Cerveris, who released his second solo album earlier this year, has used that knowledge to inhabit a variety of roles since. He later took over as Hedwig for John Cameron Mitchell during its original Off-Broadway run and then played guitar with Bob Mould when he went on tour in the Nineties. “I met Bob because I was doing Tommy and I took Pete Townshend to see Bob play,” Cerveris explains. “Later Bob came in and listened to my band and we did a Mission of Burma cover. He invited me to listen to mixes of the new record, which was The Last Dog and Pony Show record, and I later innocently asked if he was going to tour it. I just wanted to know if I could get tickets, but he said, ‘You know, rhythm guitar and backing vocals is open if you want to do it.’ I was like, ‘OK!’ It was a while before I realized he wasn’t kidding, it was an actual invitation.”

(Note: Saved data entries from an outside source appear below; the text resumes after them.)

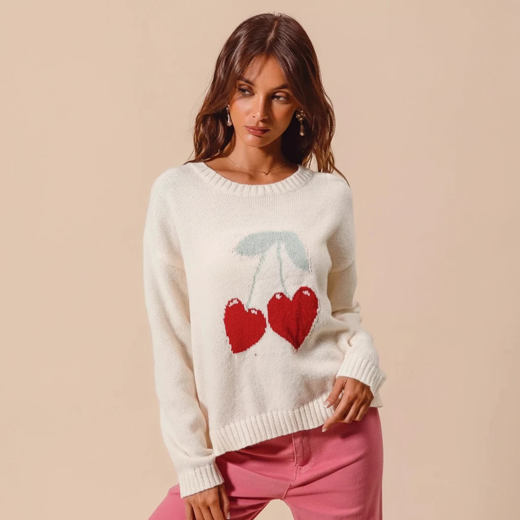 The Heart Cherry Knitted Valentine Sweater Top is a charming and festive choice for celebrating the holiday of love. Featuring adorable heart and cherry motifs, this sweater is perfect for adding a touch of whimsy to your outfit. The knitted texture provides warmth and coziness, making it ideal for chilly days. Pair this sweater with jeans or a skirt for a cute and cheerful Valentine's Day look. Embrace the spirit of love and fun with this delightful sweater top.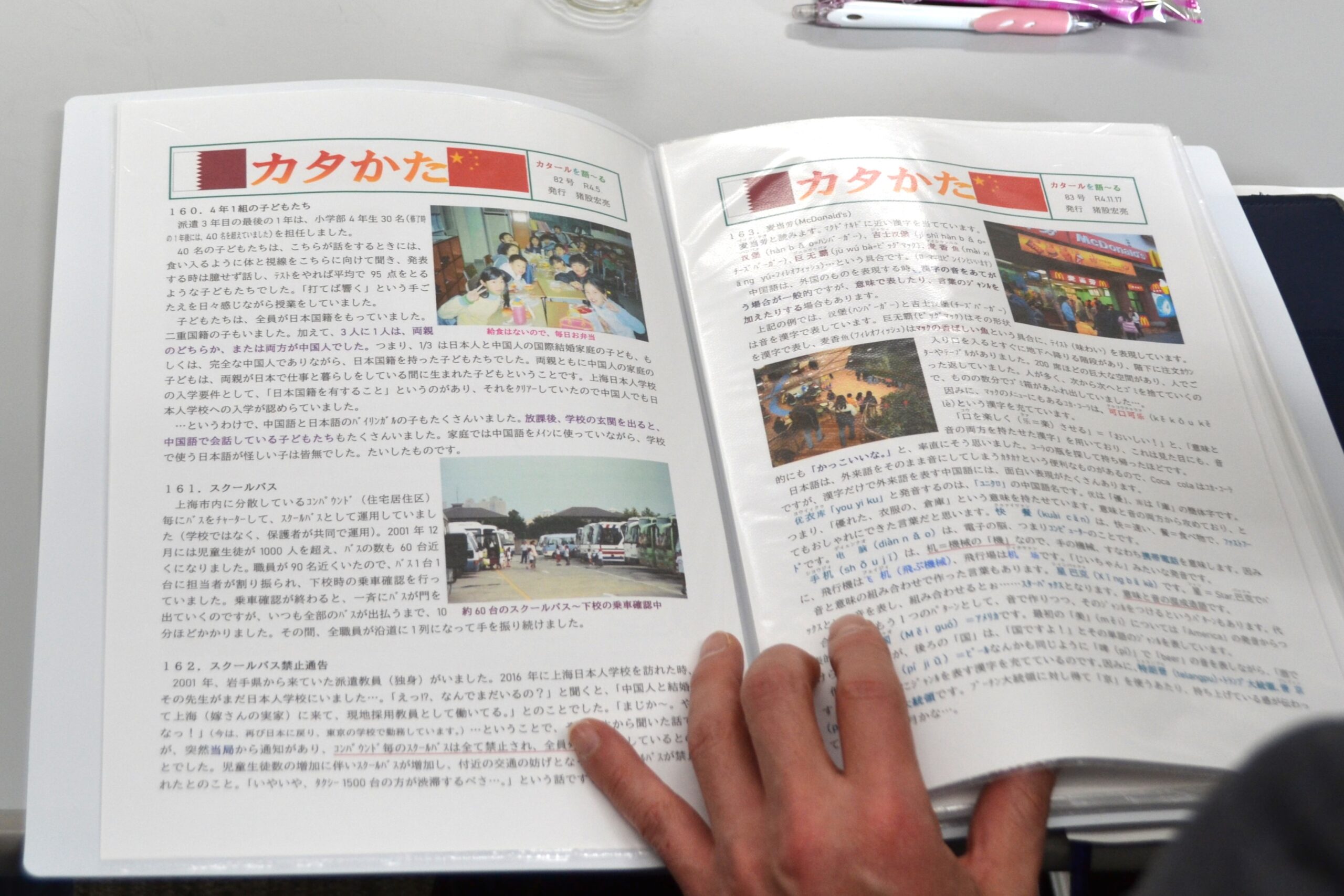 次に、猪俣校長先生からドーハ日本人学校と上海日本人学校での経験をお話ししていただきました。在外教育施設派遣任期の中で2校の日本人学校を経験するという貴重な派遣だったようです。1校目はカタールのドーハ日本人学校で、日常生活は暑さとの戦いだったようです。中東は石油資源が豊富で日本には資源がないように思われるが、日本は人が資源、教育が資源だとお話ししていただきました。2校目の上海日本人学校では現地語がわからず、週2回言葉の勉強をしたそうです。やはりコミュニケーションを図るためには言葉が大切です。これらの経験は、カタールを語~るを略して「カタかた」という全352号の通信を作って子どもたちに伝えているそうです。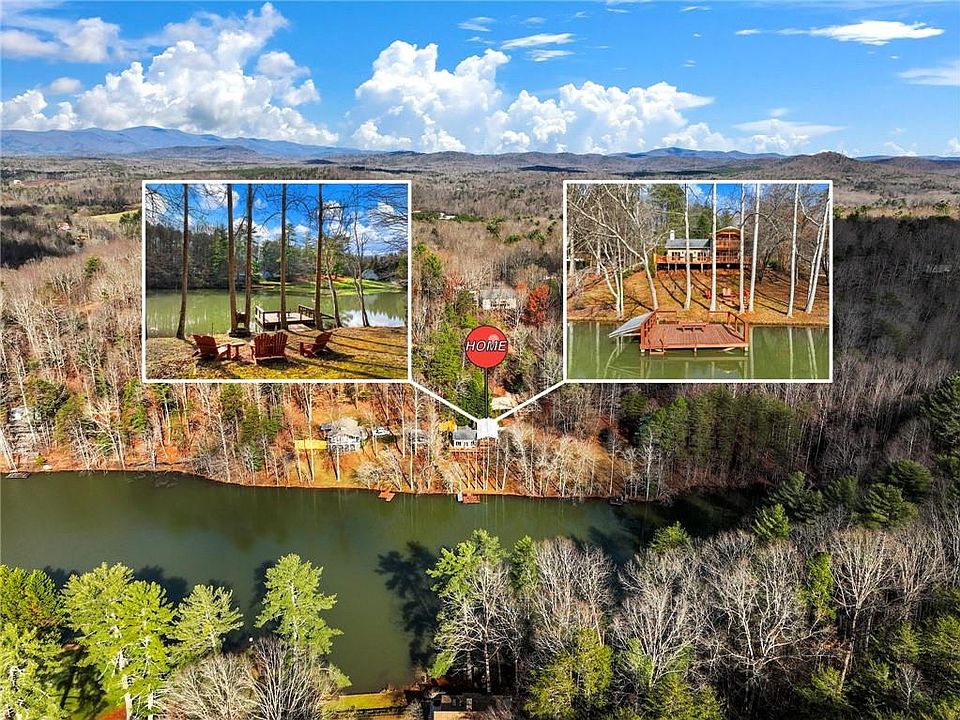 Welcome to this stunning home, offering breathtaking water views from the entire backside of the property. Enjoy your own private oasis with access to canoeing, fishing, and ultimate tranquility. Situated on a rare, private lake with only a handful of homes, you'll experience peace and serenity. The expansive back deck, featuring a double-decker covered porch, is the perfect spot to relax and take in the views. Inside, hardwood floors flow throughout the main level, where the family room boasts soaring ceilings and a beautiful stacked stone wood-burning fireplace—ideal for cozying up after a long day. The exterior is easy to maintain vinyl siding and the roof is a tin roof that will last longer than any other. This home offers four spacious bedrooms, including one conveniently located on the main floor. The kitchen is a chef's dream, featuring quality wood cabinetry and an eat-in area. A well-appointed laundry room is adjacent to the main floor bedroom for added convenience. All closets in the home are generously sized walk-ins. Upstairs, you'll find three additional bedrooms and a full bath. One of these bedrooms includes a private covered outdoor deck with views of the water, creating your own personal retreat. If you're looking for an investment opportunity, this property allows for Airbnb rentals, though many owners in the community choose not to rent. 10 Minutes to Helen and surrounded by wineries. With ample parking and a flat area perfect for a campfire, you'll love stargazing and enjoying peaceful nights under the open sky.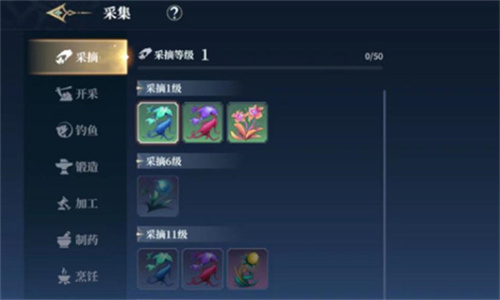 采集是一项容易获取的技能。玩家可以在野外收集各种植物、矿石和虫子等资源。这些资源可以用于制作装备、炼药和做料理等。采集不需要太多的技巧,只要有耐心和一双灵巧的手就可以了。开采是针对野外资源的技能。开采需要玩家具备一定的力量和勇气,同时还需要一些开采工具的支持。

Along with his current Tony Award-winning role as as Bruce Bechdel in Fun Home, Broadway’s reigning Best Musical, Cerveris continues to make music with his country band, Loose Cattle. So it seemed like a natural fit to have those two worlds overlap with the song “Pony Girl.” Fans of the musical based on Alison Bechdel’s graphic novel may recall that Bruce sings a short lullaby to young Alison when the family is on a trip to New York City. “I assumed it was some old folk lullaby and I said something like that one day, and Lisa [Kron] said, ‘Oh no, we wrote it.’ I asked to hear the whole thing and it sort of sounded like a country waltz to me, so I gave it my band. I think I forgot to tell them where the origin of it was, and it’s a sweet song, so they thought it was an old country classic.” The band decided to record it and release it as a vinyl 45, and the video features the young actors from the musical.